Try push of patch v3: https://tbpl.mozilla.org/?tree=Try&rev=7bc85395c0dd
Comment on attachment 610213 [details] [diff] [review] Patch v3 https://tbpl.mozilla.org/?tree=Try&rev=7bc85395c0dd
The Try build works with INGDirect.
Comment on attachment 610213 [details] [diff] [review] Patch v3 r=me if you use mozilla:AutoRestore<PRUint32> loadTypeResetter(mLoadType); instead of recreating AutoRestore. ;)
Does this latest patch also fix the Joomla issue in bug 739588?
(In reply to Justin Lebar [:jlebar] from comment #45) > https://hg.mozilla.org/integration/mozilla-inbound/rev/612fd2e764fd https://hg.mozilla.org/mozilla-central/rev/612fd2e764fd
(In reply to Daniel Veditz [:dveditz] from comment #46) > Does this latest patch also fix the Joomla issue in bug 739588? Apparently so. The web-facing change in the latest patch is much more tightly-scoped, so it's (hopefully) much less likely to break sites.
Comment on attachment 610213 [details] [diff] [review] Patch v3 This patch should be much less web-visible than the previous one. (I didn't have to make any changes to the test suite to get it to pass, for example.) Still risky, as always.
Comment on attachment 610213 [details] [diff] [review] Patch v3 [Triage Comment] Approved for all branches. Please land on m-b before 2:30 PM PT so that this makes it into our fourth beta.
Landed on beta for FF12: https://hg.mozilla.org/releases/mozilla-beta/rev/f9c358204bce
Landed on aurora for FF13: https://hg.mozilla.org/releases/mozilla-aurora/rev/ac43257b27fe Landed on ESR10: https://hg.mozilla.org/releases/mozilla-esr10/rev/51960baf2325
Can someone please clarify the expected result?
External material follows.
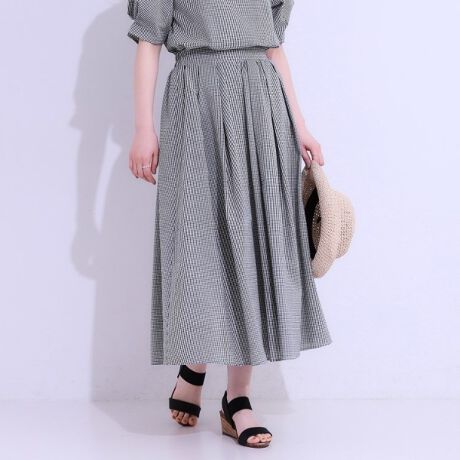 表面感のあるサッカー素材のフレアースカート

I downloaded a local copy of the testcase and opened it in Firefox. RESULT: 1. Open file:///home/mozilla/Downloads/pushstate-sec.html and click "Click Here" 2. Opens a new tab and redirects to maps.google.com 3. Redirects back to file:///home/mozilla/Downloads/pushstate-sec.html#foo
(In reply to Anthony Hughes, Mozilla QA (irc: ashughes) from comment #53) > Can someone please clarify the expected result? > > I downloaded a local copy of the testcase and opened it in Firefox. > > RESULT: > 1. Open file:///home/mozilla/Downloads/pushstate-sec.html and click "Click > Here" > 2. Opens a new tab and redirects to maps.google.com > 3. Redirects back to file:///home/mozilla/Downloads/pushstate-sec.html#foo Yes, that's right. What would be wrong is if it opened maps.google.com but displayed pushstate-sec.html as the URL. Please try all the relevant testcases, both in this bug and in bug 687745.
Verified fixed in trunk as well: Mozilla/5.0 (Macintosh; Intel Mac OS X 10.7; rv:14.0) Gecko/20120416 Firefox/14.0a1.